Claustrophobia by Tracy Ryan

In brief: Pen finds a letter from her husband to his former lover while cleaning up. This letter sends her searching for the woman, falling in love and getting tangled in a web of deceit…

The good: The book grabs you and takes you into deep its world, while the twist will shock you.

The not-so-good: A little slow at the start – give it 2 chapters, then you’ll be hooked.

Why I chose it: Thank you to Quikmark Media and Transit Lounge for the copy – I’d just read and tagged Claustrophobia on my wish list when the email arrived.

Year: 2014

Pages: 238

Publisher: Transit Lounge

Setting: Western Australia

My rating: 9.5 out of 10

You may think that I chose Claustrophobia by Tracy Ryan simply for the cover. It’s slightly retro, giving the idea of a Thelma and Louise type escape, yet the woman is still tightly wrapped up in her scarf. The cover is symbolic of what’s to come, as the protagonist tries to investigate suspected infidelity, and then falls in love. Whatever she does, she can’t escape the confines of her life and her actions.

The novel centres around Pen (don’t call her Penelope), who lives a quiet life with her husband in Perth’s Hills region. She works at the school in administration; he’s a teacher with ambitions. Children don’t seem to be on the agenda for the couple, so they’ve decided to renovate their house instead. While cleaning up, Pen finds a letter her husband wrote to his former lover, a lecturer at his university while he was a student. It was this relationship that landed him in hospital after a breakdown and led him to meet Pen, who was working in a lunch bar near the hospital. Pen doesn’t like the tone of the letter as it insinuates that she is Derrick’s second (and poorer) choice. She decides that she’s going to track down Kathleen, which is easy. She’s working at the university in central Perth, so Pen organises to attend one of her extension classes for the general public. Then she gets a job at the university library. Then she might be falling in love…

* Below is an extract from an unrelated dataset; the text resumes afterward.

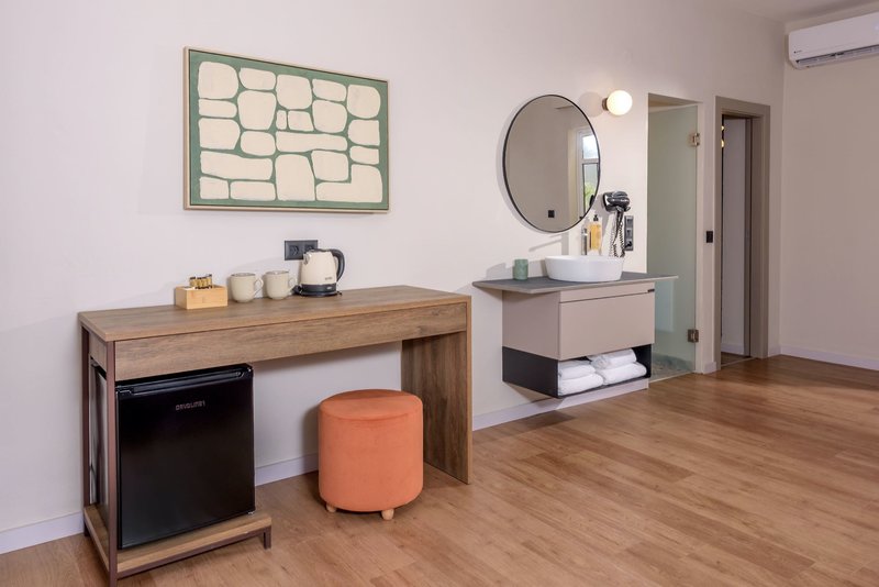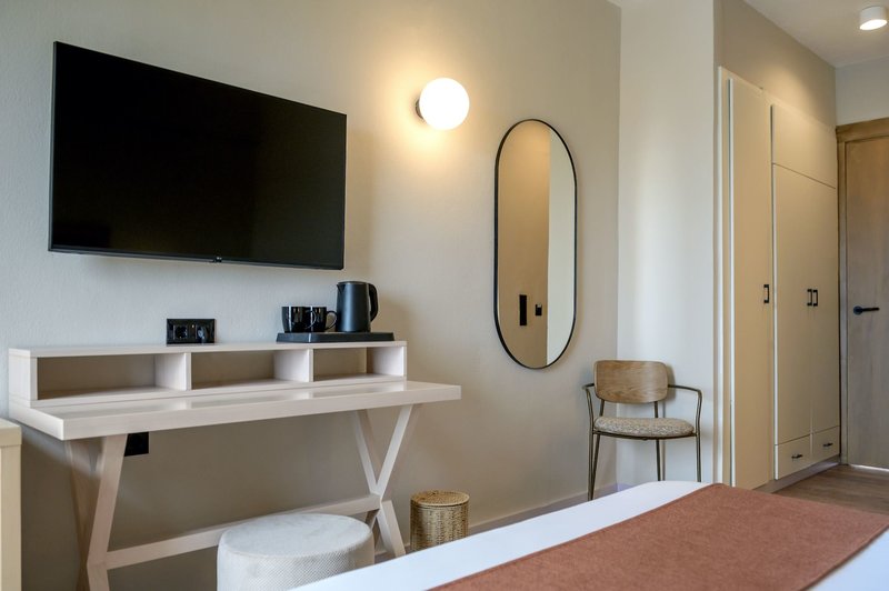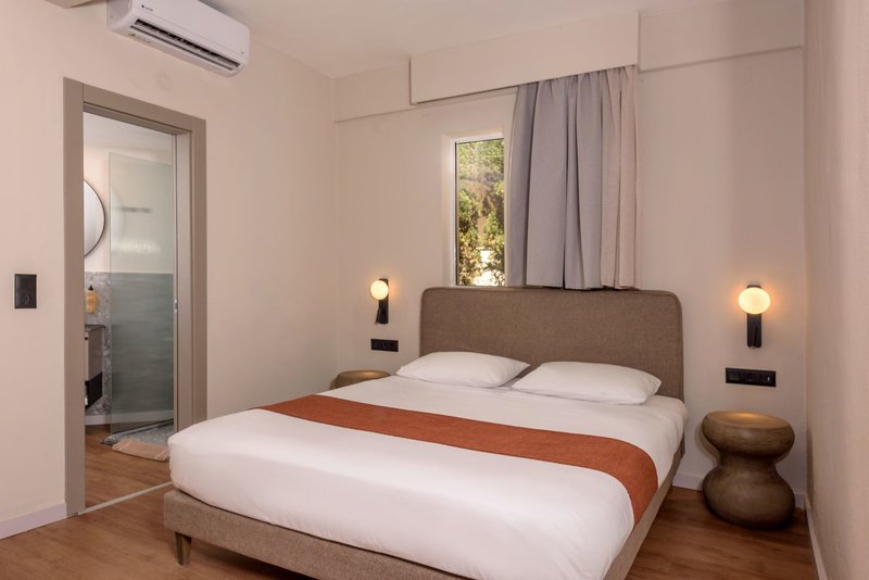 Doppelzimmer: Verfügen über Bad oder Dusche/WC, Föhn, Telefon, Sat.-TV mit Musikkanal, Mietsafe, Klimaanlage, Bademäntel und Hausschuhe, Minikühlschrank, Wasserkocher mit täglicher Auffüllung von Kaffee, Tea, Milch und Zucker, Wi-Fi (kostenlos) sowie Balkon oder Terrasse (D). Bei Ankunft steht eine Flasche Wasser im Zimmer bereit. Wahlweise auch zur Alleinnutzung buchbar (DE).

This novel starts off quietly, but ends with a roar. It’s a book that seeps into your skin and I simply couldn’t stop thinking about it. I initially thought it would be a tale of quiet domesticity laced with betrayal, but it’s so much more. It’s the blossoming of Pen as a person in her own right, from Derrick’s wife and henpecked daughter to a woman capable of forming a tangled web of lies. It’s about exploration of sexuality, gaining independence and how a marriage can be suffocating for one party and not the other. This is a cleverly plotted novel with a fantastic twist at the end that puts Claustrophobia up there with The Talented Mr Ripley (and a few shades of Carol [or The Price of Salt], also by Patricia Highsmith). I also love how the novel ties in the strange coincidences that tend to happen in Perth – even though the city is growing, no individual seems to be one or two degrees away from the other (it’s highly likely that you’ll open your social media account to find that two people from different parts of your social sphere know each other well). Pen knows that, and it makes her lying and plotting to keep Kathleen and Derrick separate all the more risky. When she goes ‘down south’ (to the south west region of Western Australia) with Kathleen, she’s petrified that she’ll see someone, that there will be some record of her being there. Pen’s desperation to remove all evidence might seem excessive, but there’s probably someone she knows in the same area!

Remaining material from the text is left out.